In ‘events of the night,’ such as that in which the Lord met Moses and tried to kill him (Exod. iv, 24-26), Buber finds one of the deepest roots of Deutero-Isaiah’s words (Isa. xlv, 7): ‘Who makes peace and creates evil, I YHVH do all this.’ (Moses, p. 57 ff.)
The danger is turned into a grace for those like Jacob and Moses who stand the test. This is the experience of Abraham too when God commands him to sacrifice Isaac. Like the despair which draws forth the ‘turning,’ the extremest demand here draws forth the innermost readiness to sacrifice out of the depths of Abraham’s being. God thus allows Abraham’s relation to Him to become wholly real. ‘But then, when no further hindrance stood between the intention and the deed, He contented Himself with Abraham’s fulfilled readiness and prevented the action.’ This is what is called ‘temptation’ by the faith of the Old Testament, a faith which takes the over-againstness of God and man more seriously than does any other. (Ibid, pp. 83, 118; The Prophetic Faith, op. cit., pp. 83, 91 f.; Königtum Gottes, op. cit., pp. 99-104; Eclipse of God, op. cit., ‘On the Suspension of the Ethical,’ trans. by Maurice S. Friedman, p. 153.)
Job’s trial can also be understood as a ‘temptation,’ for God’s apparent absence occasions a despair in Job which causes his innermost nature to become manifest. Through the intensity of his ‘turning,’ through his demand that God speak to him, he receives a revelation of God such as could not otherwise be his. It is ‘just at the height of Job’s trial . . . just in the midst of the terror of the other, the incomprehensible, ununderstandable works, just from out of the secret,’ that God’s ways of working are revealed. Job accuses God of injustice and tries in vain to penetrate to Him through the divine remoteness. Now God draws near Job and Job ‘sees’ Him. It is this nearness to God, following His apparent hiddenness, which is God’s answer to the suffering Job as to why he suffers -- an answer which is understandable only in terms of the relationship itself. (The first sentence of this paragraph is based on a letter from Professor Buber to me of June 18, 1952; Israel and the World, op. cit., ‘Imitatio Dei,’ p. 76; The Prophetic Faith, op. cit., pp. 192-196.)
Job remained faithful even when God seemed to hide His face from him.
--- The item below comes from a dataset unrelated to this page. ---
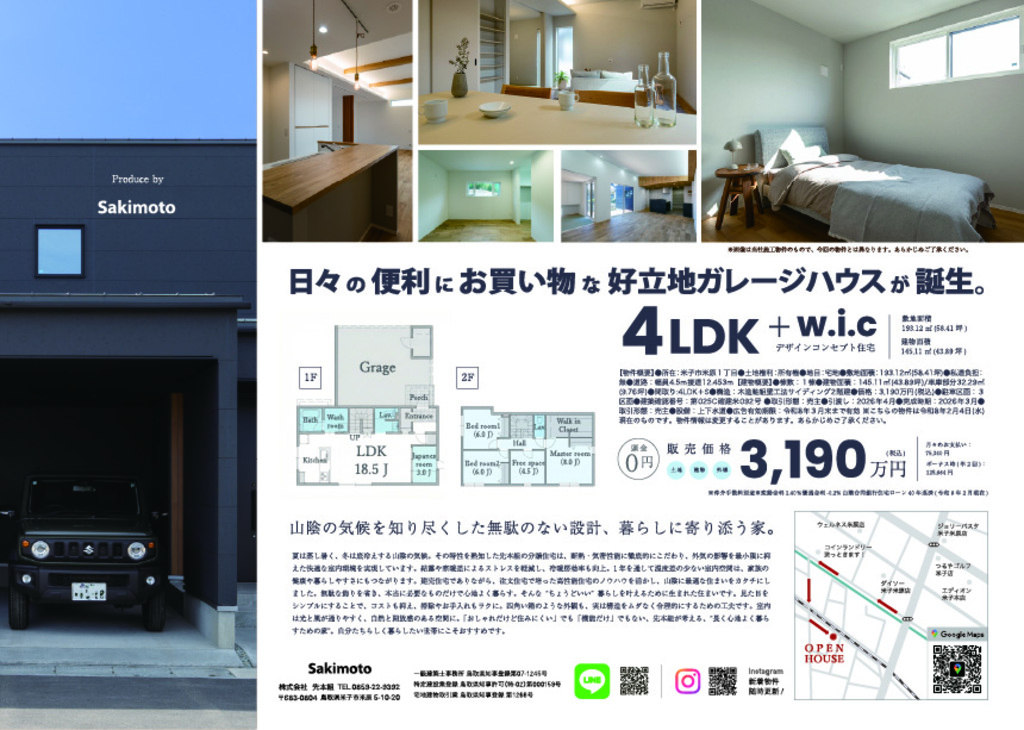 日々の便利にお買い物な好立地ガレージハウスが米子市に誕生。
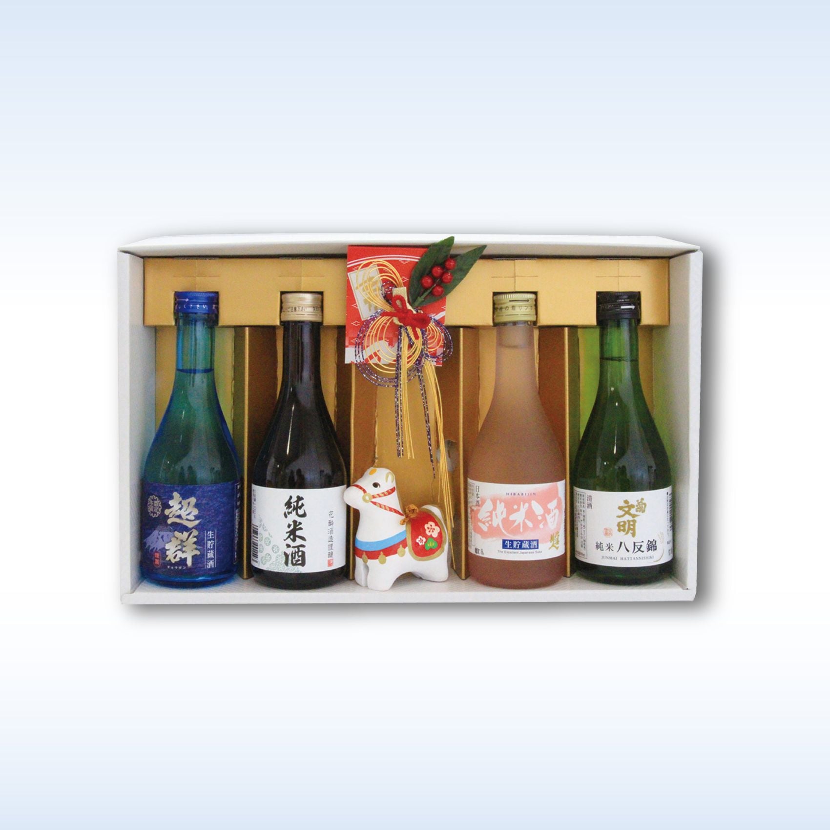 令和8年の干支「午」で迎えるお正月に向けて、今年も4蔵元飲み比べセットをご用意いたしました。毎年、ご好評いただいている商品です。

He could not renounce his claim that his faith in God and his faith in justice should once again be united. (The Prophetic Faith, p. 92.)
At all times in Israel people spoke much about evil powers, but not about one which, for longer than the purpose of temptation, was allowed to rule in God’s stead; never, not even in the most deadly act of requital by God, is the bond of immediacy broken. (Two Types of Faith, op. cit., p. 140)
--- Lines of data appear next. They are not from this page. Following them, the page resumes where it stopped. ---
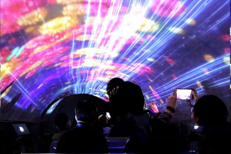 時(shí)空隧道全長1000米,是目前我國最長的時(shí)光隧道。整個(gè)隧道設(shè)計(jì)4個(gè)投影節(jié)點(diǎn),節(jié)點(diǎn)與節(jié)點(diǎn)之間設(shè)計(jì)6處霧幕,將4個(gè)投影節(jié)點(diǎn)相串聯(lián),形成一個(gè)完整的投影劇目。乘坐時(shí)空小火車進(jìn)入隧道,展現(xiàn)在眼前的是現(xiàn)代科技帶來的獨(dú)特視覺魅力,可以身臨其境地感受人類誕生、繁衍、進(jìn)化全過程,既有造山運(yùn)動(dòng)和秦嶺的形成,也有遠(yuǎn)古海洋生物以及刀兵相見的戰(zhàn)爭場面,把上下億萬年的時(shí)空變化濃縮在隧道之內(nèi)。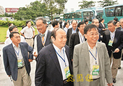立法會議員訪粵之行後,各界均期望社會更趨和諧。圖為詹培忠(前左)、張文光(前右)等本月25日在內地訪問參觀。資料圖片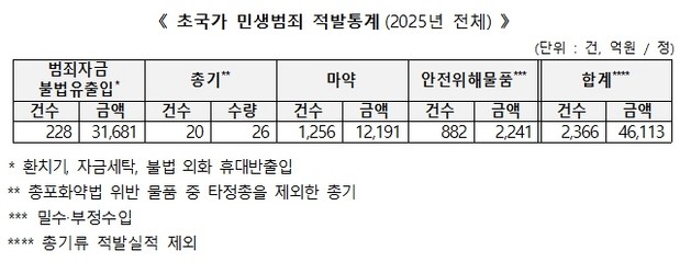 한편, 관세청은 2025년 한 해 동안 초국가 민생범죄 총 2,366건, 4조 6,113억원 규모와 불법 총기 26정을 적발했다.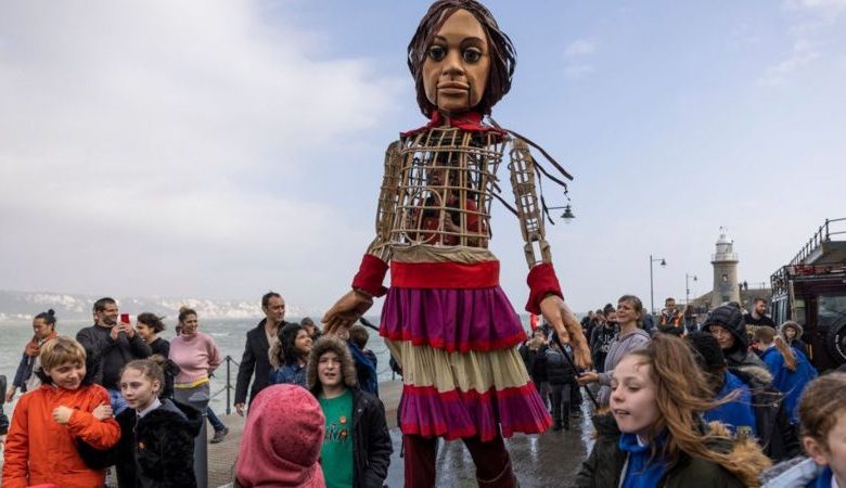 اهتمت افتتاحية صحيفة الغارديان بوصول أمل الصغيرة إلى مدينة فولكستون في المملكة المتحدة، وتسافر الدمية التي يبلغ طولها 3.5 متر من هناك إلى لندن وكوفنتري وأخيرا إلى مانشستر.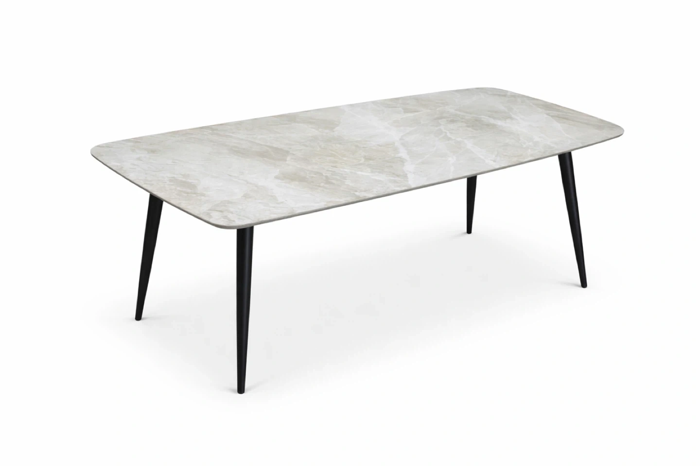 This rectangular dining table features a chic faux marble top with a subtle grey veining pattern. It's supported by sleek black metal legs, offering a contemporary look. Seats six comfortably.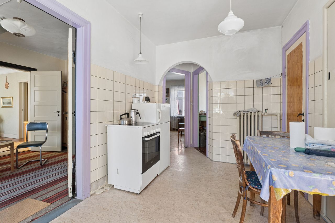 Den skønneste byvilla fra 1932. Her træder du ind i en ægte tidslomme, hvor det meste står oprindeligt med al den charme og gode byggeskik, der karakteriserer en villa fra den tid. Her er hall, stuer en suite og rummelige værelser, badeværelse med kar og terrazzogulv, samt det tidligere butikslokale fra byens VVS-udsalg - stadig med disk og reoler.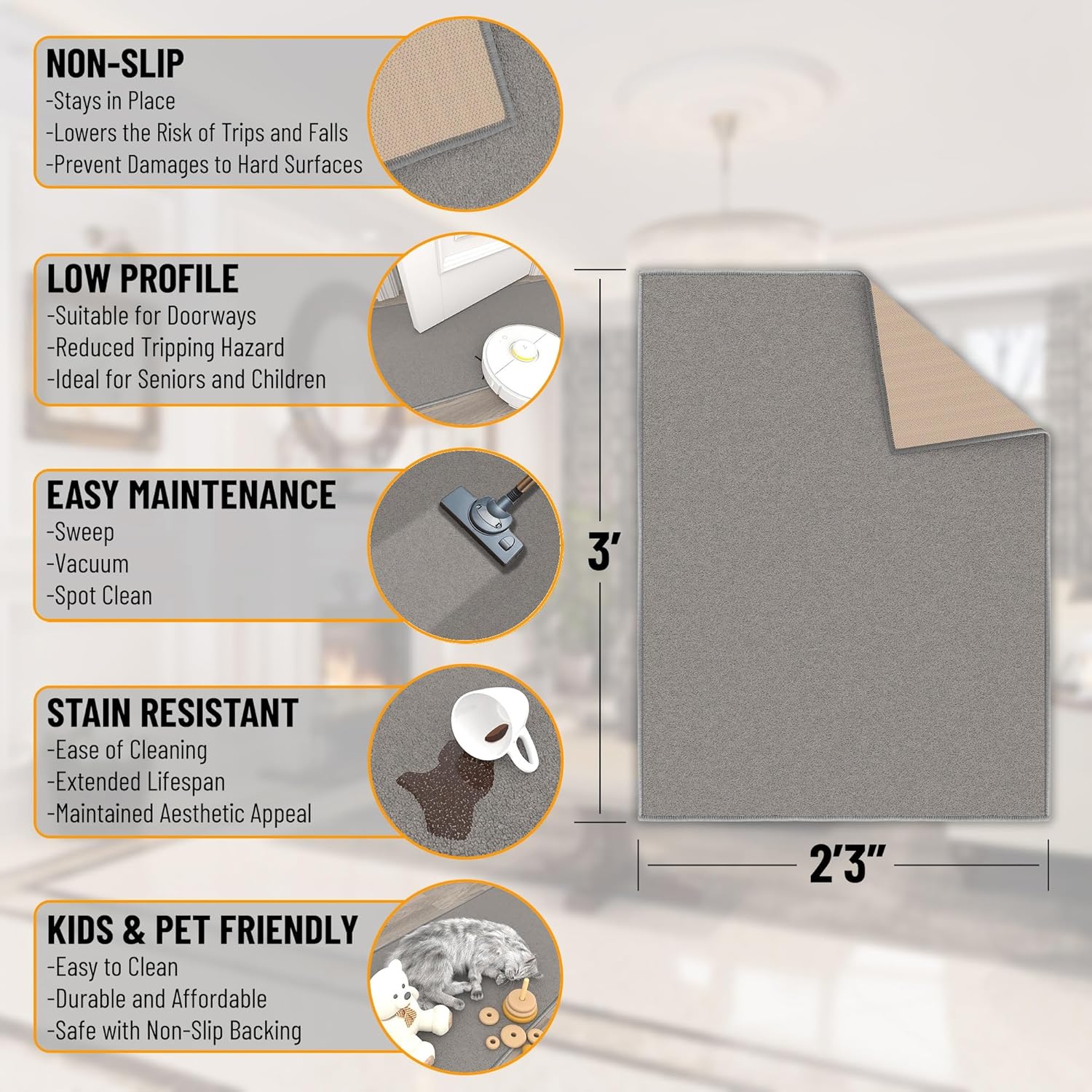 - [Slim 0.2-Inch Profile Clears Doors]: Low-pile construction allows for smooth door clearance and easy furniture placement—perfect for hallways, kitchens, and transitional spaces.

God sets creation free and at the same time holds it. He does not put an end to man’s freedom despite his misuse of it, but neither does He abandon him. Even God’s hiding His face is only an apparent hiding which does not contradict the statement in I and Thou that only we, and not God, are absent. God does not actually withdraw His presence; He only seems to do so. Yet this must not be understood as a purely immanent event. It does not take place in man but between man and God. ‘To those who do not want to be near to Him God replies by not giving to them any more the experience of nearness’ (cf. Ps. x, 1; Jer. xxxi, 3). He lets the resisting experience his fate in history, the fate resulting from his own deeds. (Ibid, p. 151 f.; I and Thou, op. cit., p. 99; The Prophetic Faith, op. cit., p. 94. The quotation and the sentence preceding it are from two letters from Professor Buber to me, both of June 18, 1952.)
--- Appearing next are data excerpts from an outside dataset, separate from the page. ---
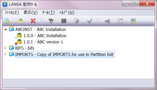 配布ツールを開くと、メイン・ウィンドウが起動します。既存の配布ツールのアプリケーションとその中にあるパッケージがツリー形式で表示されます。
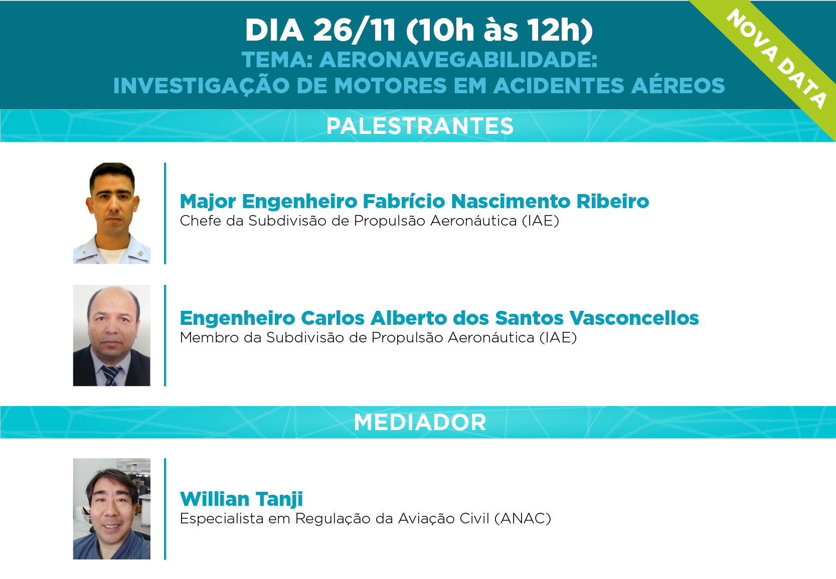 * A data do painel "Aeronavegabilidade: investigação de motores em acidentes aéreos" mudou de 11/11 para 26/11.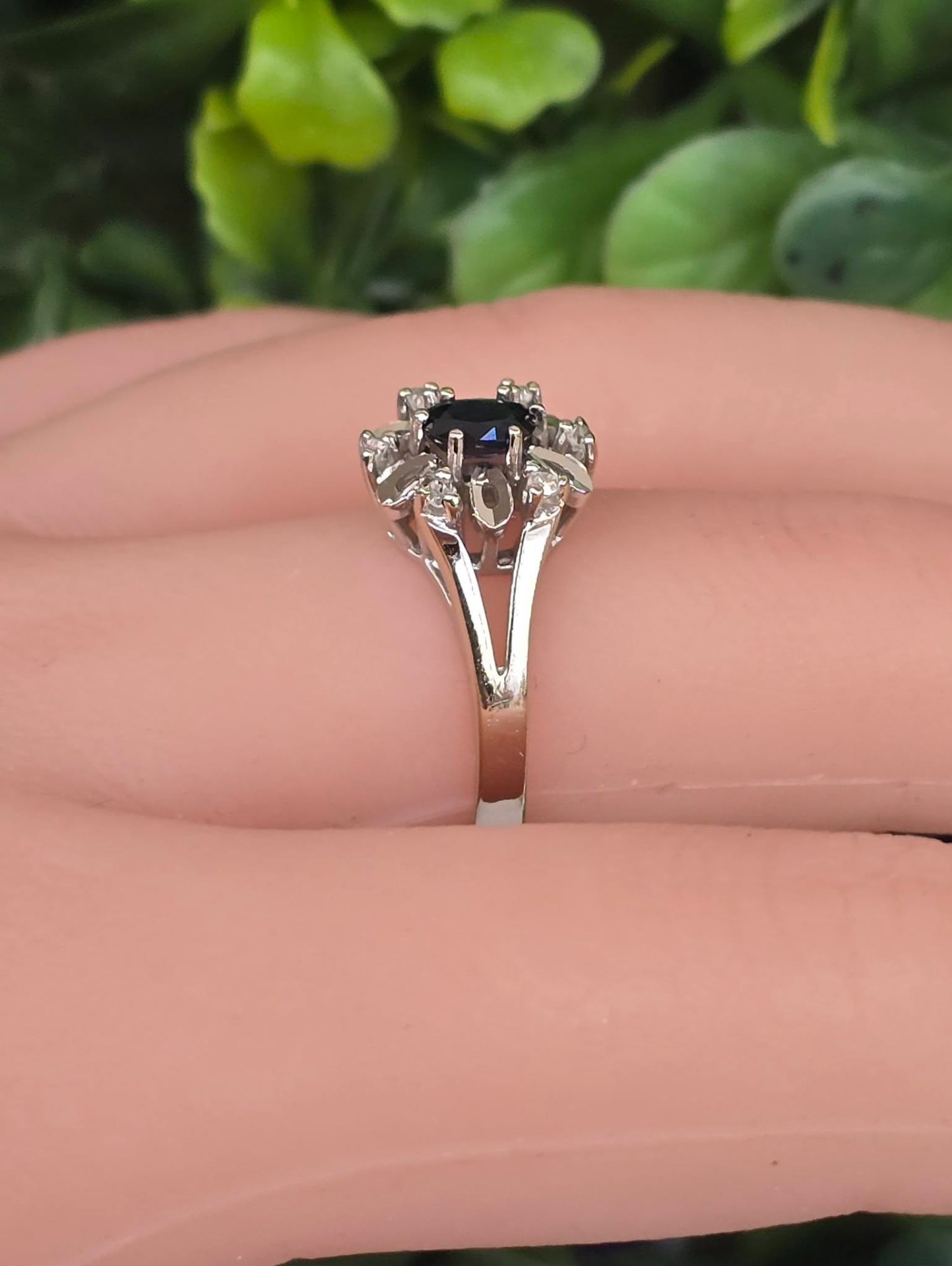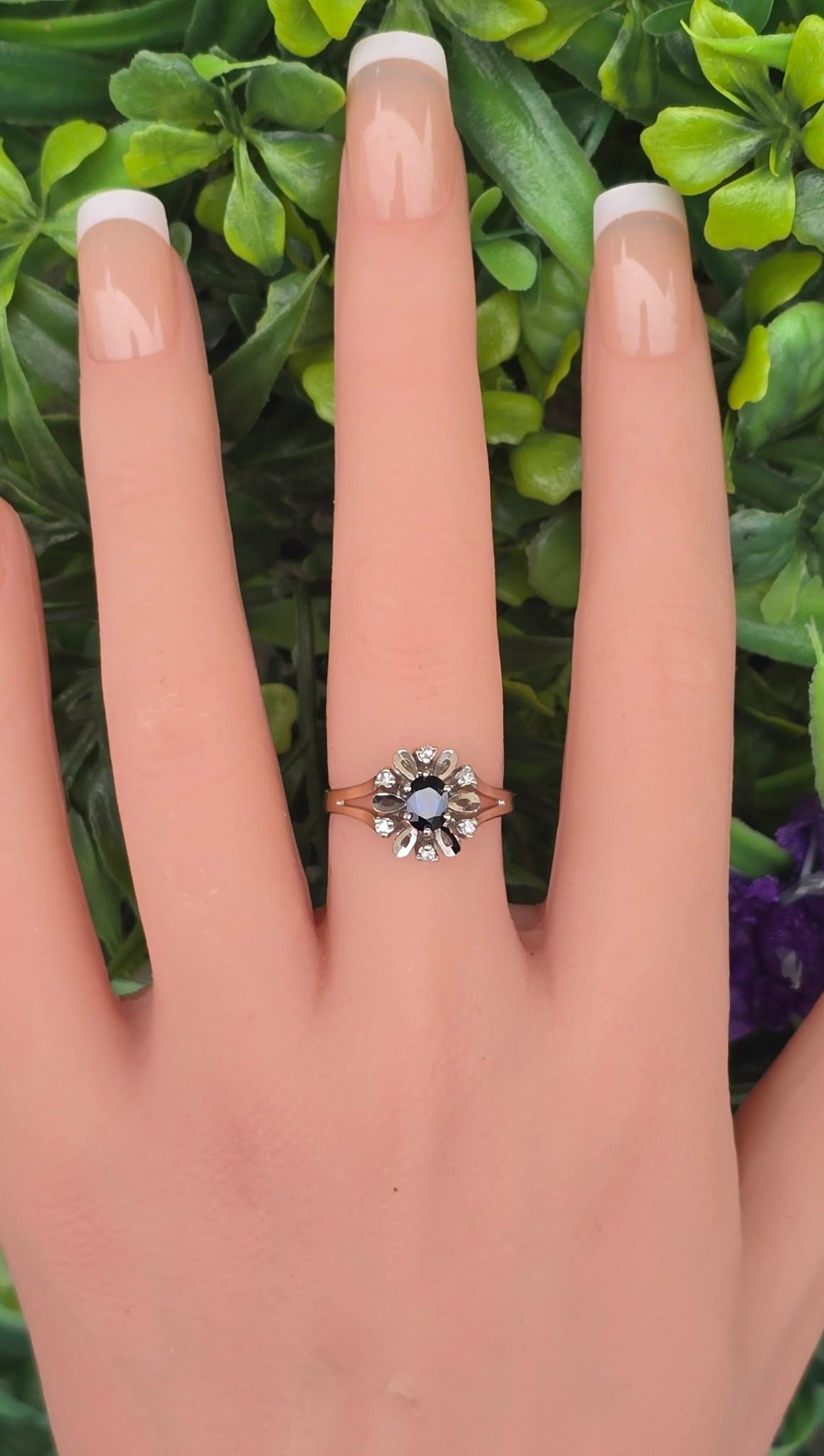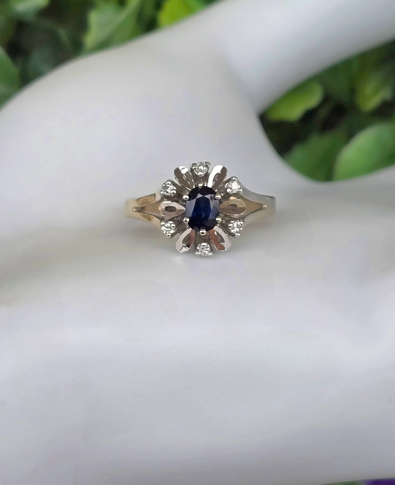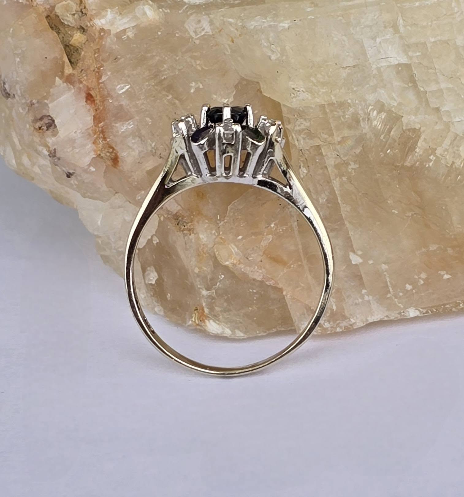 Inel vechi superb, din aur de 14K, cu safir și 6 diamante naturale.

God’s anger and His seeming withdrawal are a part of His love for man -- a love which wishes man to enter the dialogue with Him but will not compel him to do so. Hence there is no real division between God’s mercy and His justice. God’s wrath in the Old Testament is always a fatherly anger toward a disobedient child from whom He still does not withdraw His love. Although He may at times harden, He also forgives. Thus Amos knew that God would stay with the people in the midst of the desolation which was the work of His own judgment, and Hosea wrote of God’s mercy, ‘I will heal their turnings away, I will love them freely.’ (Ibid., pp. 90, 139, 164; The Prophetic Faith, pp. 109-113. 254)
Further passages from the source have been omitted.